Given the usefulness of such forces in Ukraine and elsewhere, then, the use of these mercenaries in Syria is significant.  The Ukrainian conflict has not gone entirely in Moscow’s favor, but they are using these forces in Syria instead.

Why would they do that?  The Russians correctly understand that the battles being fought right now in the Middle East are going to determine the structure of the world’s power relationships for at least a generation.  The questions at stake include whether Russia will continue to have a naval base in the Mediterranean sea; whether Iran will cement its domination of the northern Middle East, and its oil; whether the Gulf states, including Saudi Arabia, will have their own oil exports subject to closure by Iran and its proxies; and whether or not the United States will remain a major player in the Middle East at all.  Turkey’s status, and thus NATO’s continued viability, are in play as the Turks are being pulled away from the West by this conflict.  Israel’s survival is not necessarily of much interest to the Russians, but it is certainly also an issue that could be settled by this conflict insofar as it enables Iranian domination of Syria and Lebanon.  A lot is at stake.

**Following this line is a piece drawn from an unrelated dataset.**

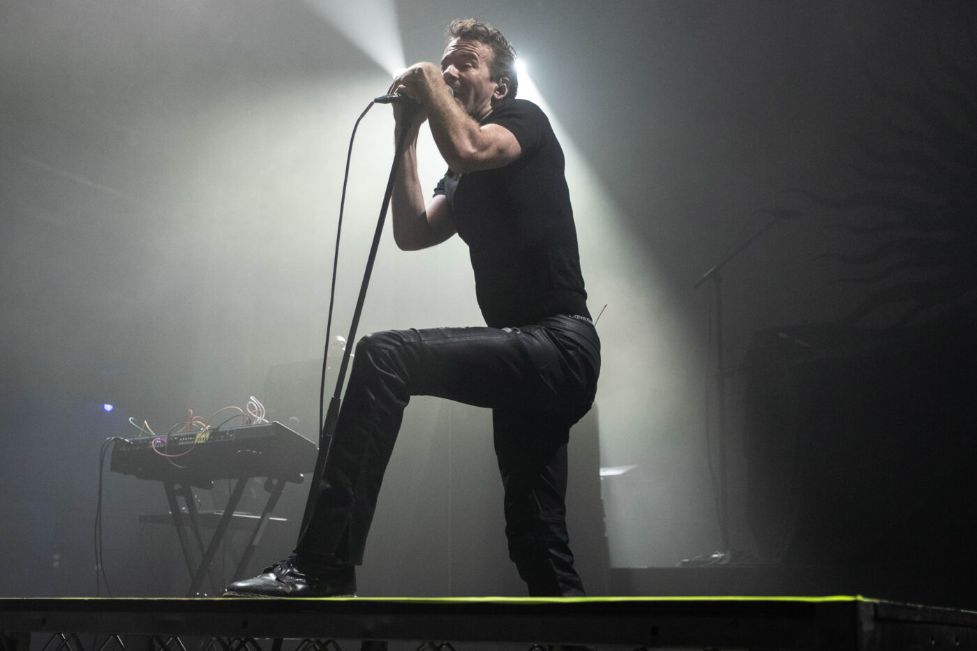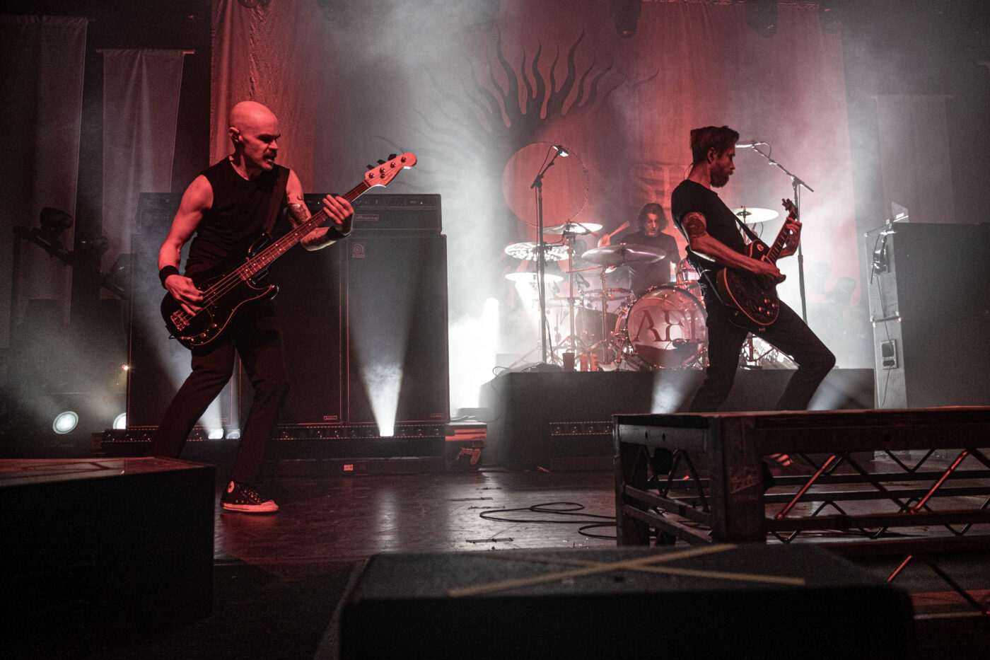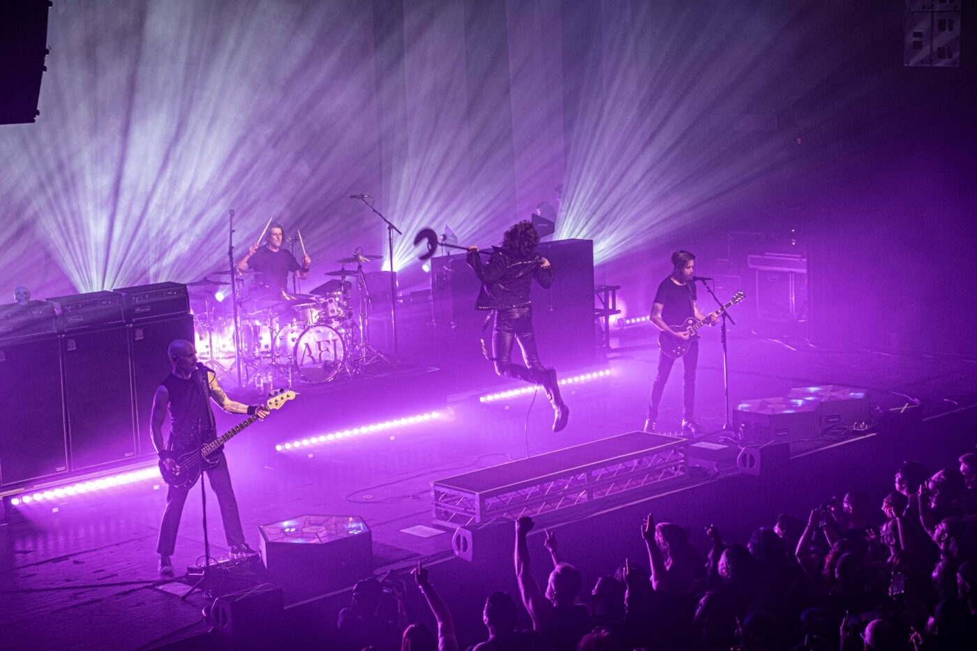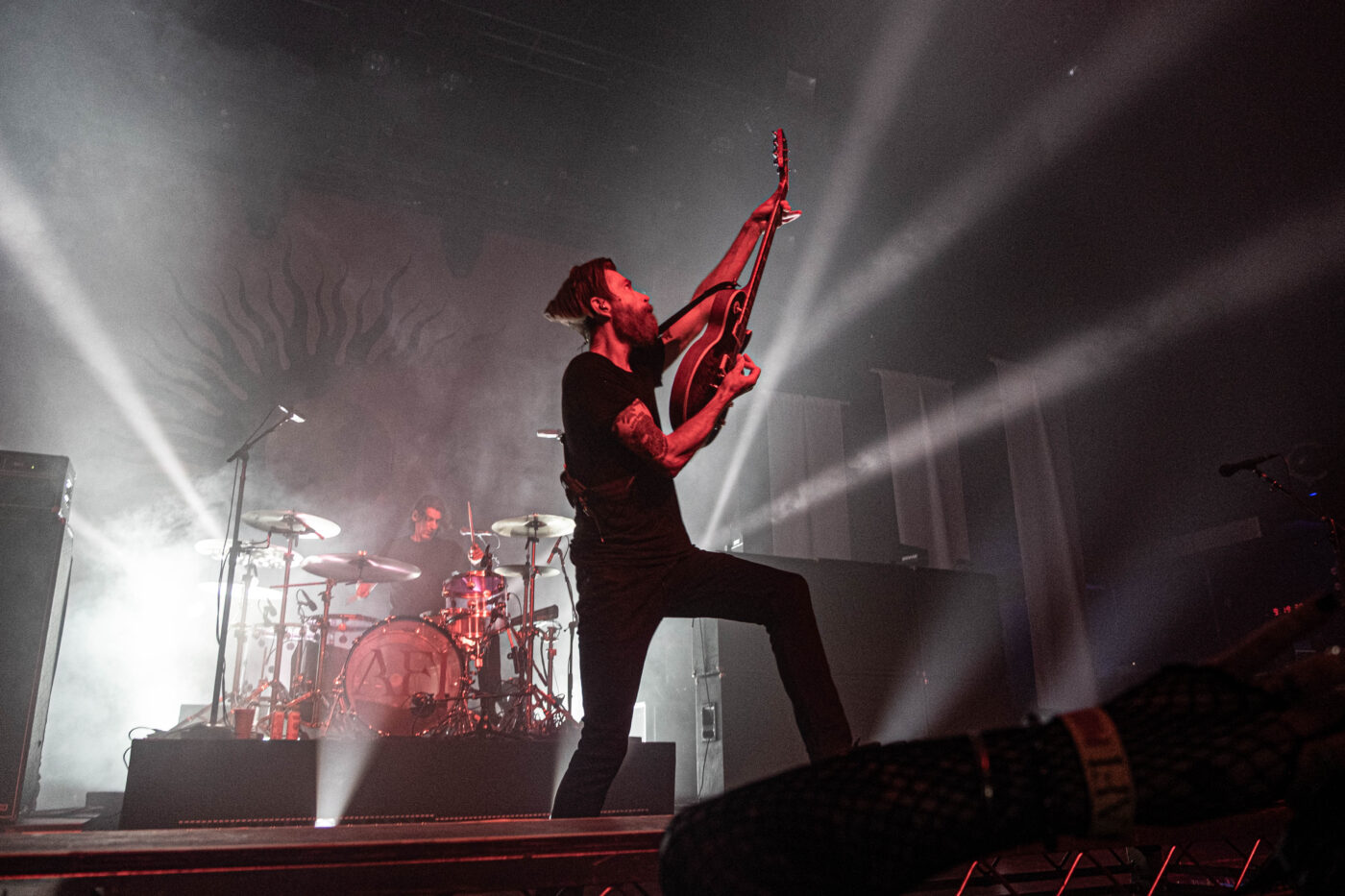 In all the years that I have seen AFI, one of the things that I remember most about their live shows is how they always pair the perfect opening band(s) who compliment their newest album or sound. Tonight, we were graced with TR/ST (pronounced TRUST). They are a duo from Toronto that leans heavy on dark synth pulses and submerged vocals. The quickly set the a mood in the 3,000 cap venue that was strangely intimate yet full of reverberations and shadows. There was basically no stage banter; they were all business, moving from one track to another with a “thank you” thrown in here or there.

II.  War and Proxy War: Players and State of Play

Now that it is evident that the Russians value outcome of the Syrian war highly, and that they have good reasons for doing so, let us run through the basic state of play.  For Syria, Iraq, and Turkey, this is more a war than a proxy war.  Their military forces are engaged in the war fully.  Syria’s military is in tatters, however.  Iraq’s performed reasonably well against the Islamic State (ISIS) with both US and Iranian support, but it is not clear whether it can act independently. Of all the nations involved in this war, only the Turks have forces that could immediately engage the war with the capabilities of combined arms, large numbers, and coherence in logistics and training.

For Iran, Russia, and the United States, this is more of a proxy war than a war.  Each of these powers is pursuing their own ends via the support of different coalitions of native forces.  Iran took an early lead here via its support to regional Shi’a militias across Mesopotamia and the Levant.  These forces are irregular but numerous and widespread.  Some of them are also well-established and well-provisioned with arms, especially Lebanese Hezbollah and those Iraqi militias that the Iranians supported against the United States during the Iraq War.

The Russians came late, backing a Syrian regime that has already had its formal forces shattered by the civil war.  The Syrian forces that the Russians and Iranians are propping up are not powerful.  That is why the Syrian government continues to use chemical weapons:  their traditional forces are too weak to bring the conflict to a close.  On the other hand, Russia’s geostrategic opponent — the United States — has chosen to engage the war with quite limited military assets, backing a coalition led by Kurdish fighters that are chiefly talented irregulars.  The Kurds are also politically divided, and geographically strung out.  The Russians believe they can contest the US-backed irregulars.  In addition to their own operators and direct proxies, the Russians count on bringing to bear Syria’s limited forces and Iranian-backed proxies including Shi’a militias.